I figured as much... I just don't see any real world applications remove
directory hierarchies without some type of synchronization locking...
 
> 
>>>
>>>>>
>>>>> 2) if we assume that it is fairly representative of one, how can we
>>>>> achieve retrying indefinitely with NFS, or at least some large finite
>>>>> amount?
>>>> The amount of looping would be peer speculation. If the problem can
>>>> not be handled by one simple retry I would say we simply pass the
>>>> error up to the app... Its an application issue... 
>>>>  
>>>
>>> It's not an application issue. The application just asked the kernel
>>> to do an operation on a pathname. The only reason you're getting an
>>> ESTALE back in this situation is a shortcoming of the implementation.
>>>
>>> We passed it a pathname after all, not a filehandle. ESTALE really has
>>> no place as a return code in that situation...
>> We'll have to agree to disagree... I think any application that is 
>> removing hierarchies of file and directory w/out taking any 
>> precautionary locking is a shortcoming of the application
>> implementation.
>>
> 
> I'm not saying they should never get an error in that situation. I'm
> just saying that an ESTALE return in this situation is wrong (or at
> least not helpful) since the syscall was provided a pathname not a
> filehandle or open fd or anything. When we still have the pathname,
> then we have the ability to reattempt on an ESTALE, and it would be
> preferable to do so.
Point. But if the reestablishment can not be done in one try, the
I say we punt... 

> 
>>>
>>>>>
>>>>> I have my doubts as to whether it would really be as big a problem for
>>>>> other filesystems as Miklos and others have asserted, but I'll take
>>>>> their word for it at the moment.
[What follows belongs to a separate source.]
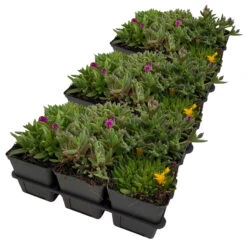 Delosperma (Mittagsblume) sind sukkulente Pflanzen die aus Südafrika stammen und mit ihren leuchtenden Strahlenblüten ab Mai hervorstechen. Diese anspruchslosen Zierpflanzen sind eine ideale Begrünung für Steingärten und Trockenmauern. Eine gute Drainage ist für die erfolgreiche Pflege der teppichbildenden Mittagsblume entscheidend. Volle Sonne ist ein weiterer Faktor, der ein üppiges Wachstum und gute Gesundheit dieser Zierpflanzen begünstigt. Die farbintensiven Blüten öffnen sich nur in der Mittagssonne. Die Blätter sind wasserspeichernd. Je trockener der Standort, desto wohler fühlen sich die Pflanzen.

What's the best way to contain this
>>>>> behavior to just those filesystems that want to retry indefinitely when
>>>>> they get an ESTALE? Would we need to go with an entirely new
>>>>> ESTALERETRY after all?
>>>>>
>>>> Introducing a new errno to handle this problem would be overkill IMHO...
>>>>
>>>> If we have to go to the looping approach, I would strong suggest we
>>>> make the file systems register for this type of behavior...
>>>>
>>>
>>> Returning ESTALERETRY would be registering for it in a way and it is
>>> somewhat cleaner than having to go all the way back up to the fstype to
>>> figure out whether you want to retry it or not.
>> How would legacy apps handle this new errno, esp if they have logic
>> to take care of ESTALE errors?
>>
> 
> Userspace should never see that error. 
Why do you say this?  ESTALE the errno has been around forever... 
Its defined in the errno man page "ESTALE - Stale file handle (POSIX.1)" 

> The idea is that this would be a
> kernel-internal error code that indicates to the VFS that it should
> retry the lookup and operation. If the kernel decides to give up after
> the FS returns ESTALERETRY, then we'd have to convert that error
> into ESTALE.
Yeah... I understand the idea... I just don't think another error
code is needed to handle this problem... 

> 
> It'd be preferable to me if we didn't require a new error code, but if
> different filesystems require different semantics from the VFS on an
> ESTALE return, then that is one way to achieve it.
> 
Well I thought the use of the fs_flags to register for this type
of semantics was a good one...

steved.